Image 1: Urban Atlas of the Metropolitan area between Vienna and Bratislava
Source: http://dataservice.eea.europa.eu/map/UrbanAtlasBeta/

In the past century the geo-political relationship between the two cities has changed radically, from the times of the Austro-Hungarian Empire, where the two cities were governed under the same legislation but playing very different geopolitical roles, to the independence of Czechoslovakia after WWI, from the rise and fall of the Iron Curtain; from 1993, following the Velvet Divorce, when Bratislava became the capital of the newly formed State of Slovakia to the entry in the European Union; from the entry in the Shenghen area until today, when they are a functional metropolitan region.

Nowadays, Vienna presents itself as a rather compact city, surrounded by a Green Belt and crossed by the Danube, following which we arrive at Bratislava.
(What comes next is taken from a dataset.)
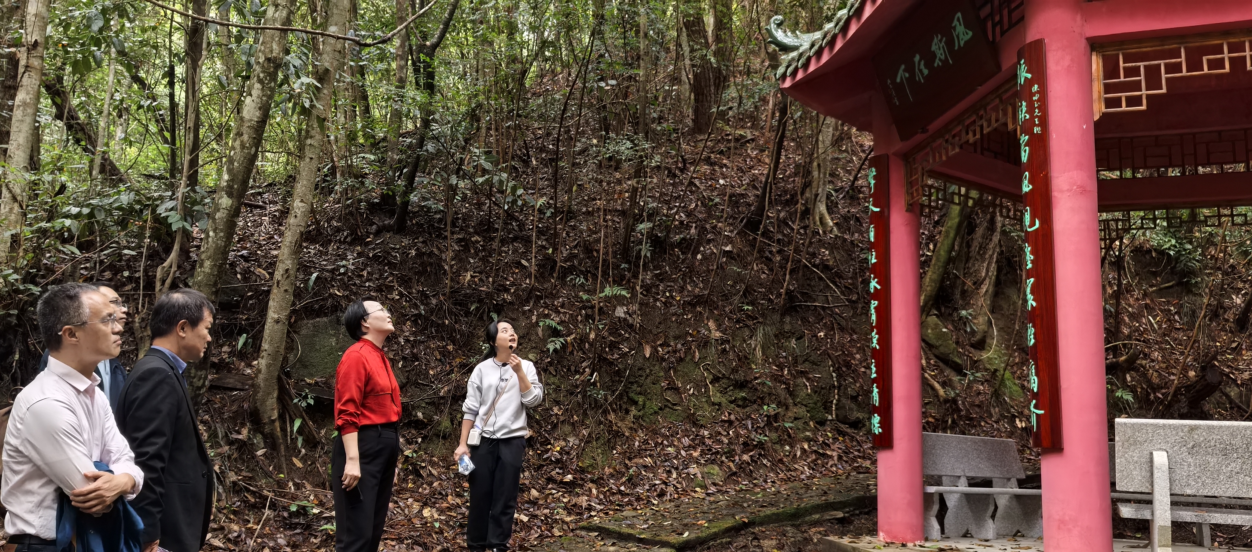 在基地讲解员的引导下,党员们依次参观各功能区域与源头石碑,重点驻足“仰止亭”“喝醒亭”“风斯在下亭”等“三亭三椅”教学点,认真聆听廉洁法规讲解、典型案例剖析与先进事迹分享,深刻感悟“廉洁”蕴含的文化内涵与精神力量。在“仰止亭”,主持人娓娓阐释“仰止”二字背后的廉洁深意,党员们在亭间驻足,水声与廉语相和,宛如一场初心的回望与精神的涤荡。移步至“喝醒亭”,山风穿亭而过,“喝醒”二字如点睛之笔,叩击心灵,发人深省。步入“风斯在下亭”,清风拂面,廉意润心,廉洁理念如春风化雨,悄然浸润心田,滋养正气清风。

This presents itself as far less dense than the “Twin City” (which is approximately 4 times more populated with relatively the same surface) and has grown mainly towards the East because of the presence of the Iron Curtain so close to the city centre on the South West, where we find the Petržalka neighbourhood, densely built up on one side of the border and then agricultural landscape on the Austrian side.

The long separation due to the Iron Curtain has still left traces in the landscape and in the memory of the people, but the recent ‘Europeanisation’ process has dimmed the line of the border. It is important, nonetheless, to be aware of the critical historical changes over the past decades as these have still strong impact on the territory and the decision making taking place.

With the entry into the EU the region has lived a major shift from being respectively the periphery of the western or eastern block to being the centre and heart of the new Europe.

This condition if also experienced on a daily level by the inhabitants, as it is becoming more common to live in one country and work in the other. There are in fact approximately 1.000 daily cross-border commuters (ESPON, 2010), meaning that although the system is polarised by the two capitals, also the in-between urban subsystem has gained much more importance. A counter effect of this phenomenon is that the area between the two cities also presents problems of land speculation as there has been sometimes a very fast pace of construction, especially for suburban family houses, and particularly on the Austrian side. Moreover, there has been often the phenomenon that owners of building areas would just wait for the land value to rise (Schremmer, 2003).

The buffer zone of what used to be the Iron Curtain is still evident, both physically as the border runs through agricultural fields where there is very low density, and mentally, as the division is still in the mind of many people (Haccou, 2010).